RECORDS TO USE —
* * *

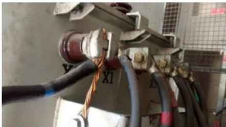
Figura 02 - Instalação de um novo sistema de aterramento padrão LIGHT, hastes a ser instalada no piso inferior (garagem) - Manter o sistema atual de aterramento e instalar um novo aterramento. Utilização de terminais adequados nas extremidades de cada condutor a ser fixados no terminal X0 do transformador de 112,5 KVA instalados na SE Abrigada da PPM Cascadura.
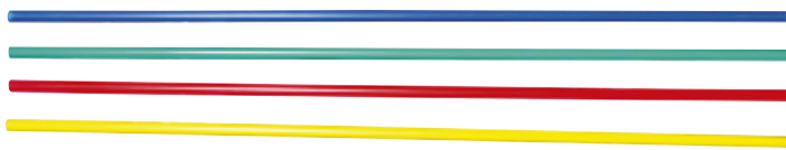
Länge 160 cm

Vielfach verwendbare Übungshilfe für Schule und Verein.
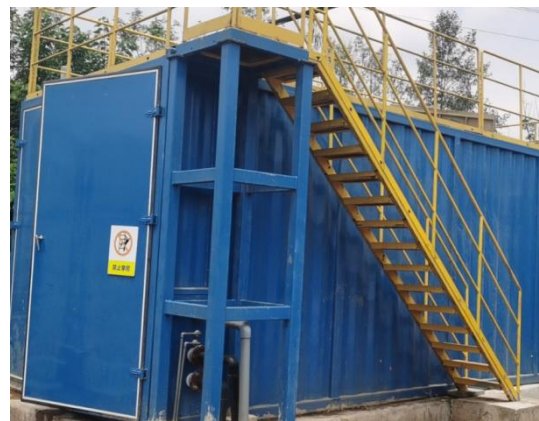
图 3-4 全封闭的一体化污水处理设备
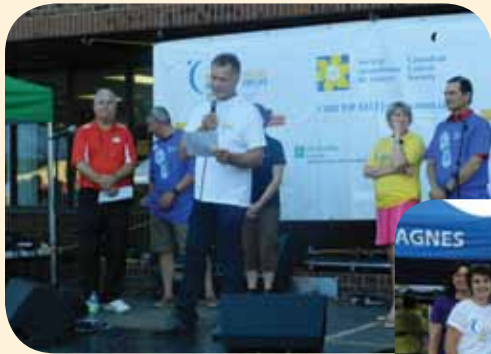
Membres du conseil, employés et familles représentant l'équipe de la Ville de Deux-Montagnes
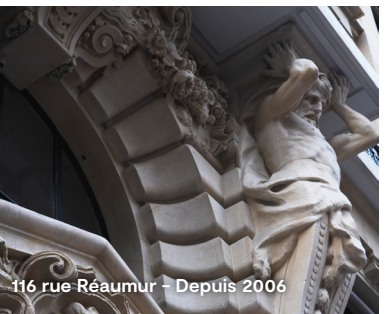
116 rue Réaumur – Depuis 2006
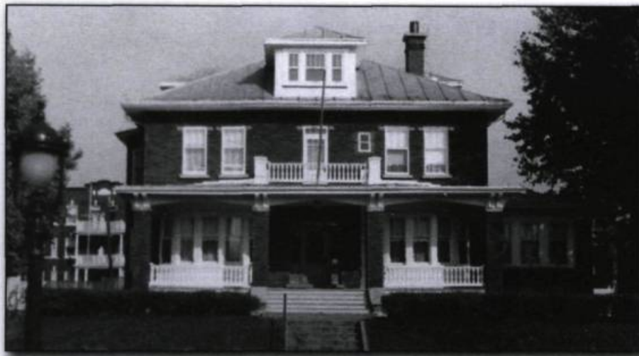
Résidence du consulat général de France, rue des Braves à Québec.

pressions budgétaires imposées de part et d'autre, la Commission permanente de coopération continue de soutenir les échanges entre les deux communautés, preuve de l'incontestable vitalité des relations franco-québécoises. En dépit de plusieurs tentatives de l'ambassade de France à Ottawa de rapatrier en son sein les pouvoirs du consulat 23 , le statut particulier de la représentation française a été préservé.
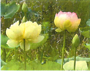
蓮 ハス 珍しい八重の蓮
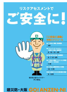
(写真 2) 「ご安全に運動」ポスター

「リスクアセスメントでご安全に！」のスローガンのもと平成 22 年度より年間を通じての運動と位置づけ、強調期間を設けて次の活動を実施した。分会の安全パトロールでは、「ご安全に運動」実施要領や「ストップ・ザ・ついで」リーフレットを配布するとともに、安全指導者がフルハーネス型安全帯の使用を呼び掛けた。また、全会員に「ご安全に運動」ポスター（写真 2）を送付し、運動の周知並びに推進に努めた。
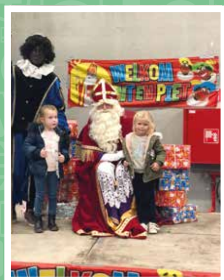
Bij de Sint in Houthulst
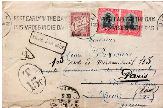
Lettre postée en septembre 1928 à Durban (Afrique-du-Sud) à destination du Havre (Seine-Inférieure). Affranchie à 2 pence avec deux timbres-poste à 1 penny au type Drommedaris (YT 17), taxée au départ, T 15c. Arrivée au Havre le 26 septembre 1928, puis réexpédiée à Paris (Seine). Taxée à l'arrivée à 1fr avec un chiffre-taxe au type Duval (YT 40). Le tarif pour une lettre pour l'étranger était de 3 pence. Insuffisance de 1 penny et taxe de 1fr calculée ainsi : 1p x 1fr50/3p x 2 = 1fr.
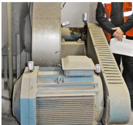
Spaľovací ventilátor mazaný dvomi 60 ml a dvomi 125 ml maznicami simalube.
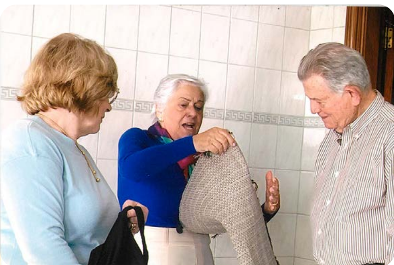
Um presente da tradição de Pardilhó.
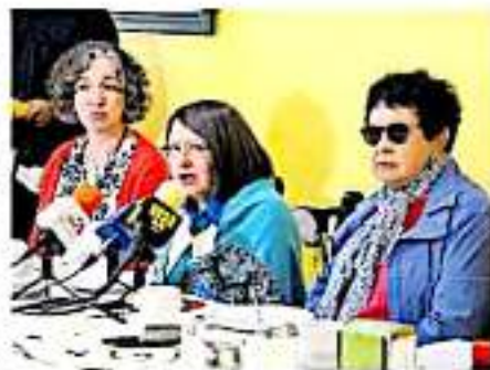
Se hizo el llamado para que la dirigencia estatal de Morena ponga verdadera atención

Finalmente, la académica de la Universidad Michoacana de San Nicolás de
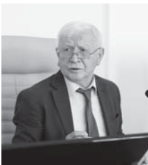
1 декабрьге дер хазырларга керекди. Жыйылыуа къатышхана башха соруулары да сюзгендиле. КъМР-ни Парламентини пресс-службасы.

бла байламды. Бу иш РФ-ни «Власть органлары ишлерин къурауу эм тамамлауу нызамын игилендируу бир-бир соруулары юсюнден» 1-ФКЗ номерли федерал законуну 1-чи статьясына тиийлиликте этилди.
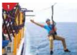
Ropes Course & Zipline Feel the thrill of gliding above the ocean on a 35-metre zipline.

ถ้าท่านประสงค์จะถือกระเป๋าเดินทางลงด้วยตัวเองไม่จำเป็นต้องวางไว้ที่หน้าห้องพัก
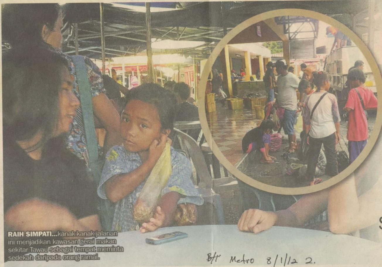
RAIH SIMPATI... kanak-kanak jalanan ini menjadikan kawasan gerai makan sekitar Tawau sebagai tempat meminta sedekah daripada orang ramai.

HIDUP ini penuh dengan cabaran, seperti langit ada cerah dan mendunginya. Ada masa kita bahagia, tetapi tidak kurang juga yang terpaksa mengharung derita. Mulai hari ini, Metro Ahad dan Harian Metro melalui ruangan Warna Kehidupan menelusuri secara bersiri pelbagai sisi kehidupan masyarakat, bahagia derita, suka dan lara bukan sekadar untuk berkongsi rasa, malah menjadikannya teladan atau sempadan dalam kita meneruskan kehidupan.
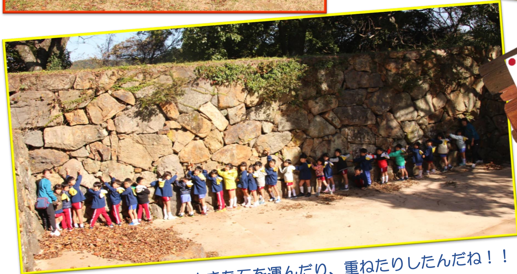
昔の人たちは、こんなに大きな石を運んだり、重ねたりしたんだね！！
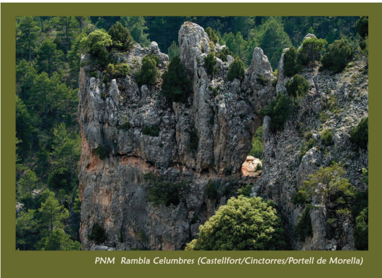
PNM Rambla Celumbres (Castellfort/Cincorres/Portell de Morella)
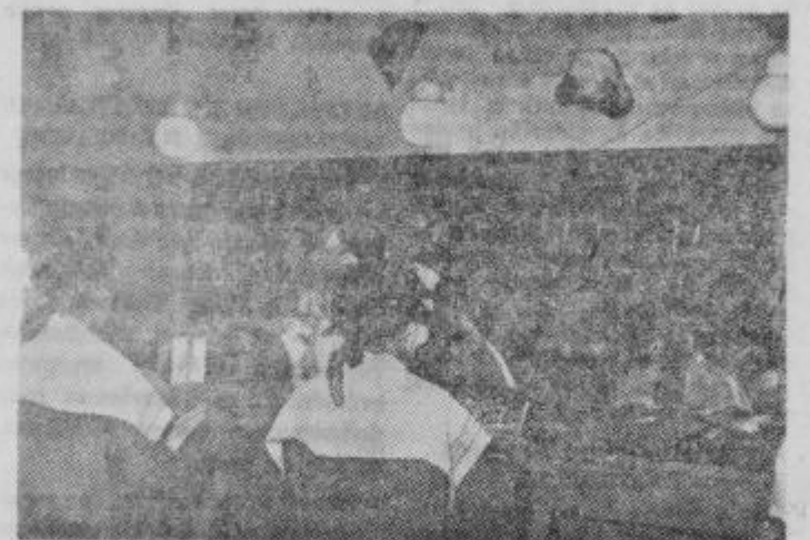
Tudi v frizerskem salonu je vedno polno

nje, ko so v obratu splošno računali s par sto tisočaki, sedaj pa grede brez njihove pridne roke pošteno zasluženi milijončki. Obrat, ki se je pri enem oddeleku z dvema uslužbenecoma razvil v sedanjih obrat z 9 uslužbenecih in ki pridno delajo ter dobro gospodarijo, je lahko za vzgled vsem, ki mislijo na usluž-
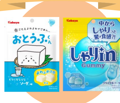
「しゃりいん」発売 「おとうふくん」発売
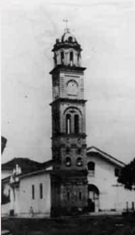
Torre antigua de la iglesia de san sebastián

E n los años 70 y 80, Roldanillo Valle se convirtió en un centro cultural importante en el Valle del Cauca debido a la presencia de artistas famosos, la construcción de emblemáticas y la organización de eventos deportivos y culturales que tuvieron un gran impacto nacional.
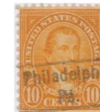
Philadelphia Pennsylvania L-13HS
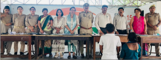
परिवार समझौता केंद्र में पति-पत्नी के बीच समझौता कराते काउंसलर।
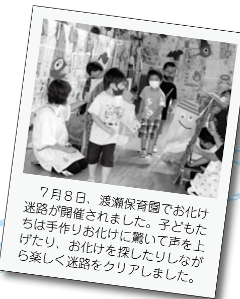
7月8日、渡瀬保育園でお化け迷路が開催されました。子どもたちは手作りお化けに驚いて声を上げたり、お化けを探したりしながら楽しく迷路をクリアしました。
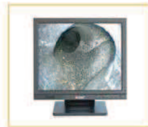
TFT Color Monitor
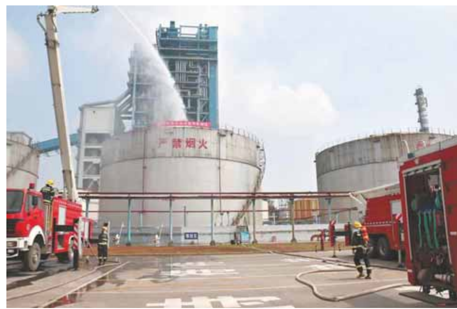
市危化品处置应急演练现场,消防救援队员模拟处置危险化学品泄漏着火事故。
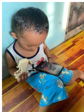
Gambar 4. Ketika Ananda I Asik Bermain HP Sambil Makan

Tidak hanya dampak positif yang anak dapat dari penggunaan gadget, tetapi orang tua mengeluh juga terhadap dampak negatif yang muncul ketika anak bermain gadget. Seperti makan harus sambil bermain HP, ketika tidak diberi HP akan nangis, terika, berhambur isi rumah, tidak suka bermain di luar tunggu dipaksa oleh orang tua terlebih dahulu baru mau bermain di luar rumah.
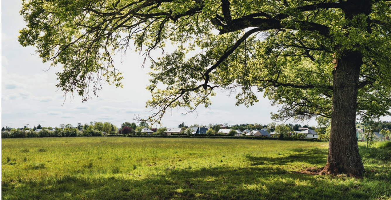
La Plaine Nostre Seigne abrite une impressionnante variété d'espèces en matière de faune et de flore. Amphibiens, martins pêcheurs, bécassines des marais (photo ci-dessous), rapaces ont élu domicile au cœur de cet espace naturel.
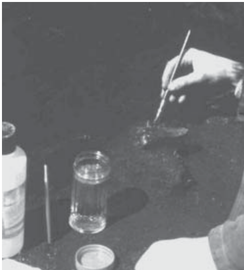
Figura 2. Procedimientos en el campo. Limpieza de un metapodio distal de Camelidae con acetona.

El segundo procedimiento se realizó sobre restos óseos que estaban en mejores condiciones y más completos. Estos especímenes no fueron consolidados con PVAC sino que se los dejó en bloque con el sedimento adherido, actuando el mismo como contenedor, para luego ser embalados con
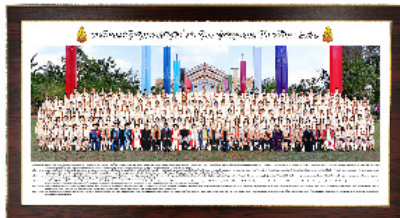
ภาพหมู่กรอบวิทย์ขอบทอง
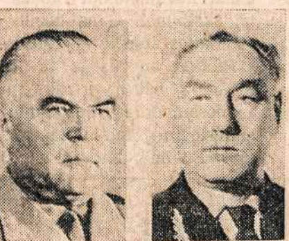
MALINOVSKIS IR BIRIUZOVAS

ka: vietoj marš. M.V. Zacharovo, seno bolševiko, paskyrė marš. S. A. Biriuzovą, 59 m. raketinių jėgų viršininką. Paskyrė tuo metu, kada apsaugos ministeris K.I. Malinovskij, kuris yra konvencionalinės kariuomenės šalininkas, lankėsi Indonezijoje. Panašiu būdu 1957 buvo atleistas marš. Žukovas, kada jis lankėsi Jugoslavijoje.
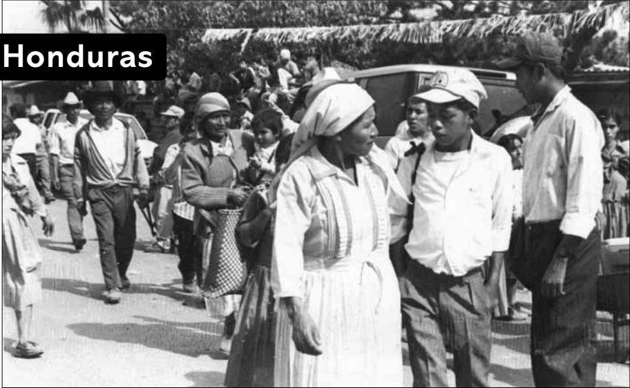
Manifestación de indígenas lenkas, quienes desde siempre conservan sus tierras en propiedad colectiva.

* * *

TASK GOAL —
Your answer must be the entries repeated exactly, with no pictures.

RESPONSE TO THE EXERCISE —
Figura 02 - Instalação de um novo sistema de aterramento padrão LIGHT, hastes a ser instalada no piso inferior (garagem) - Manter o sistema atual de aterramento e instalar um novo aterramento. Utilização de terminais adequados nas extremidades de cada condutor a ser fixados no terminal X0 do transformador de 112,5 KVA instalados na SE Abrigada da PPM Cascadura.
Länge 160 cm

Vielfach verwendbare Übungshilfe für Schule und Verein.
图 3-4 全封闭的一体化污水处理设备
Membres du conseil, employés et familles représentant l'équipe de la Ville de Deux-Montagnes
116 rue Réaumur – Depuis 2006
Résidence du consulat général de France, rue des Braves à Québec.

pressions budgétaires imposées de part et d'autre, la Commission permanente de coopération continue de soutenir les échanges entre les deux communautés, preuve de l'incontestable vitalité des relations franco-québécoises. En dépit de plusieurs tentatives de l'ambassade de France à Ottawa de rapatrier en son sein les pouvoirs du consulat 23 , le statut particulier de la représentation française a été préservé.
蓮 ハス 珍しい八重の蓮
(写真 2) 「ご安全に運動」ポスター

「リスクアセスメントでご安全に！」のスローガンのもと平成 22 年度より年間を通じての運動と位置づけ、強調期間を設けて次の活動を実施した。分会の安全パトロールでは、「ご安全に運動」実施要領や「ストップ・ザ・ついで」リーフレットを配布するとともに、安全指導者がフルハーネス型安全帯の使用を呼び掛けた。また、全会員に「ご安全に運動」ポスター（写真 2）を送付し、運動の周知並びに推進に努めた。
Bij de Sint in Houthulst
Lettre postée en septembre 1928 à Durban (Afrique-du-Sud) à destination du Havre (Seine-Inférieure). Affranchie à 2 pence avec deux timbres-poste à 1 penny au type Drommedaris (YT 17), taxée au départ, T 15c. Arrivée au Havre le 26 septembre 1928, puis réexpédiée à Paris (Seine). Taxée à l'arrivée à 1fr avec un chiffre-taxe au type Duval (YT 40). Le tarif pour une lettre pour l'étranger était de 3 pence. Insuffisance de 1 penny et taxe de 1fr calculée ainsi : 1p x 1fr50/3p x 2 = 1fr.
Spaľovací ventilátor mazaný dvomi 60 ml a dvomi 125 ml maznicami simalube.
Um presente da tradição de Pardilhó.
Se hizo el llamado para que la dirigencia estatal de Morena ponga verdadera atención

Finalmente, la académica de la Universidad Michoacana de San Nicolás de
1 декабрьге дер хазырларга керекди. Жыйылыуа къатышхана башха соруулары да сюзгендиле. КъМР-ни Парламентини пресс-службасы.

бла байламды. Бу иш РФ-ни «Власть органлары ишлерин къурауу эм тамамлауу нызамын игилендируу бир-бир соруулары юсюнден» 1-ФКЗ номерли федерал законуну 1-чи статьясына тиийлиликте этилди.
Ropes Course & Zipline Feel the thrill of gliding above the ocean on a 35-metre zipline.

ถ้าท่านประสงค์จะถือกระเป๋าเดินทางลงด้วยตัวเองไม่จำเป็นต้องวางไว้ที่หน้าห้องพัก
RAIH SIMPATI... kanak-kanak jalanan ini menjadikan kawasan gerai makan sekitar Tawau sebagai tempat meminta sedekah daripada orang ramai.

HIDUP ini penuh dengan cabaran, seperti langit ada cerah dan mendunginya. Ada masa kita bahagia, tetapi tidak kurang juga yang terpaksa mengharung derita. Mulai hari ini, Metro Ahad dan Harian Metro melalui ruangan Warna Kehidupan menelusuri secara bersiri pelbagai sisi kehidupan masyarakat, bahagia derita, suka dan lara bukan sekadar untuk berkongsi rasa, malah menjadikannya teladan atau sempadan dalam kita meneruskan kehidupan.
昔の人たちは、こんなに大きな石を運んだり、重ねたりしたんだね！！
PNM Rambla Celumbres (Castellfort/Cincorres/Portell de Morella)
Tudi v frizerskem salonu je vedno polno

nje, ko so v obratu splošno računali s par sto tisočaki, sedaj pa grede brez njihove pridne roke pošteno zasluženi milijončki. Obrat, ki se je pri enem oddeleku z dvema uslužbenecoma razvil v sedanjih obrat z 9 uslužbenecih in ki pridno delajo ter dobro gospodarijo, je lahko za vzgled vsem, ki mislijo na usluž-
「しゃりいん」発売 「おとうふくん」発売
Torre antigua de la iglesia de san sebastián

E n los años 70 y 80, Roldanillo Valle se convirtió en un centro cultural importante en el Valle del Cauca debido a la presencia de artistas famosos, la construcción de emblemáticas y la organización de eventos deportivos y culturales que tuvieron un gran impacto nacional.
Philadelphia Pennsylvania L-13HS
परिवार समझौता केंद्र में पति-पत्नी के बीच समझौता कराते काउंसलर।
7月8日、渡瀬保育園でお化け迷路が開催されました。子どもたちは手作りお化けに驚いて声を上げたり、お化けを探したりしながら楽しく迷路をクリアしました。
TFT Color Monitor
市危化品处置应急演练现场,消防救援队员模拟处置危险化学品泄漏着火事故。
Gambar 4. Ketika Ananda I Asik Bermain HP Sambil Makan

Tidak hanya dampak positif yang anak dapat dari penggunaan gadget, tetapi orang tua mengeluh juga terhadap dampak negatif yang muncul ketika anak bermain gadget. Seperti makan harus sambil bermain HP, ketika tidak diberi HP akan nangis, terika, berhambur isi rumah, tidak suka bermain di luar tunggu dipaksa oleh orang tua terlebih dahulu baru mau bermain di luar rumah.
La Plaine Nostre Seigne abrite une impressionnante variété d'espèces en matière de faune et de flore. Amphibiens, martins pêcheurs, bécassines des marais (photo ci-dessous), rapaces ont élu domicile au cœur de cet espace naturel.
Figura 2. Procedimientos en el campo. Limpieza de un metapodio distal de Camelidae con acetona.

El segundo procedimiento se realizó sobre restos óseos que estaban en mejores condiciones y más completos. Estos especímenes no fueron consolidados con PVAC sino que se los dejó en bloque con el sedimento adherido, actuando el mismo como contenedor, para luego ser embalados con
ภาพหมู่กรอบวิทย์ขอบทอง
MALINOVSKIS IR BIRIUZOVAS

ka: vietoj marš. M.V. Zacharovo, seno bolševiko, paskyrė marš. S. A. Biriuzovą, 59 m. raketinių jėgų viršininką. Paskyrė tuo metu, kada apsaugos ministeris K.I. Malinovskij, kuris yra konvencionalinės kariuomenės šalininkas, lankėsi Indonezijoje. Panašiu būdu 1957 buvo atleistas marš. Žukovas, kada jis lankėsi Jugoslavijoje.
Manifestación de indígenas lenkas, quienes desde siempre conservan sus tierras en propiedad colectiva.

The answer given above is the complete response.